One of the biggies I read this year and didn't have time to enter my reaction. I just found some vague notes I started so they will have to do. But I needed to check on the names before I could publish this.
This is the third of Follett's Century Trilogy, this time covering the Cold War, an era I lived through myself, but maybe did not always understand. I have always liked the fact that Follett set engaging characters in the U.S., Germany, England and Russia, giving us the different angles to the story, the world events.
In the U.S. we have George Jakes, a black lawyer that went to Harvard who ends up working for Bobby Kennedy. He like Verena, who also goes to Harvard and works for Martin Luther King. Hugo works for J Edgar Hoover. Larry back from the army and atrocities in Nam. Cameraon Dewar is conservative and works for Nixon, eventually becoming a CIA agent in Poland.

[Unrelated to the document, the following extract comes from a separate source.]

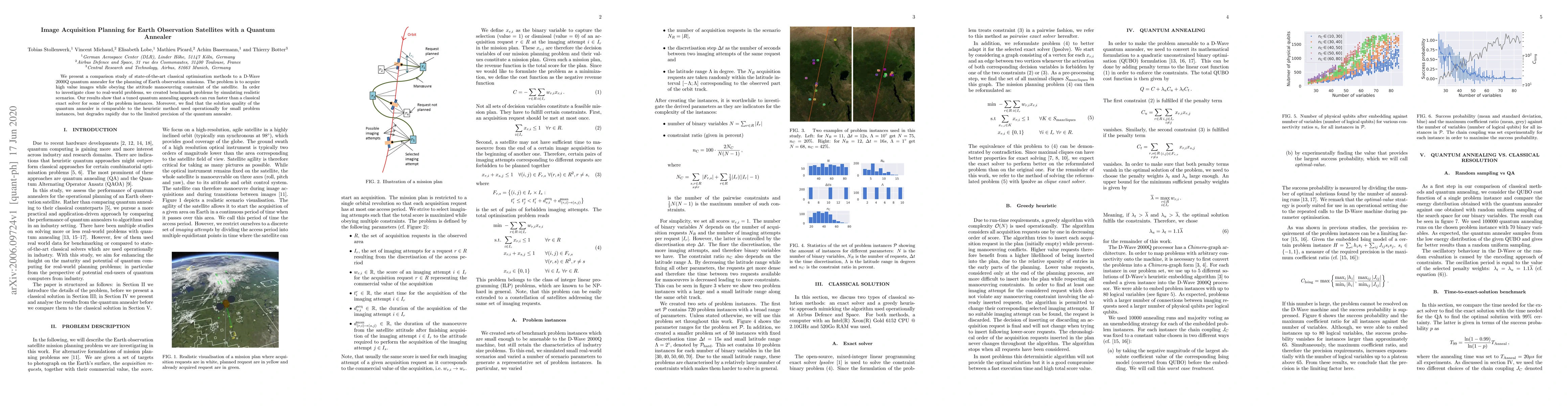 This study compares classical optimization methods with a D-Wave 2000Q quantum annealer for planning Earth observation satellite missions, aiming to acquire high-value images while adhering to satellite constraints. The quantum annealer outperforms classical solvers in speed for some instances but struggles with precision, yielding comparable solution quality to heuristics for small problems but degrading rapidly.

In Germany, Maud and her family end up in East Berlin. Rebecca, her granddaughter, marries Hans, who turns out to be Stasi. When she finds out, they divorce and she falls for Bernd, her boss in school. Walli, her brother, is a musician who escapes to West Germany, leaving Karolin, his love, behind. Lili is his sister, Carla & Werner are the parents.
In England we have Dave Williams, whose father is Lloyd Williams, MP and mother is Daisy Peshkov from the US. Dave who becomes a pop star with his cousin Walli.

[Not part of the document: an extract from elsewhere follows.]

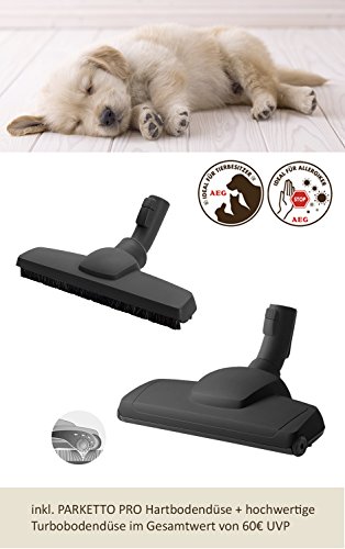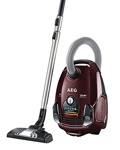 AEG Performer ASP7150 Staubsauger mit Beutel EEK A (700 Watt, inkl. Turbo- und Hartbodenduse, 3,5 l Staubbeutelvolumen, Softrader, waschbarer Hygiene Filter E12) dark bordeaux

In Russia we have Dinka Dvorkin, who works for Khrushchev. His sister Tonya works for a newspaper and printed samizdat publications.

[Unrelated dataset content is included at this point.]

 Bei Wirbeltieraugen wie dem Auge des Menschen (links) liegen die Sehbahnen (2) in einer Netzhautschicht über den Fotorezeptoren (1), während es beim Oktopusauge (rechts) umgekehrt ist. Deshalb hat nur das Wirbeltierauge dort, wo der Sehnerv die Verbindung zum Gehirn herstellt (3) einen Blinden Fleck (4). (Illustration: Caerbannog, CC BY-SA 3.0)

I vaguely remember Kennedy facing off with Khrushchev. The Bay of Pigs and Cuban Missile Crisis is well depicted. I remember when we were taught to hide under our desks in class and had bomb drills in school. There was a tense moment when everyone was waiting whether the world (or at least major cities) would be blown up on both sides of the Atlantic. Thank goodness they did not.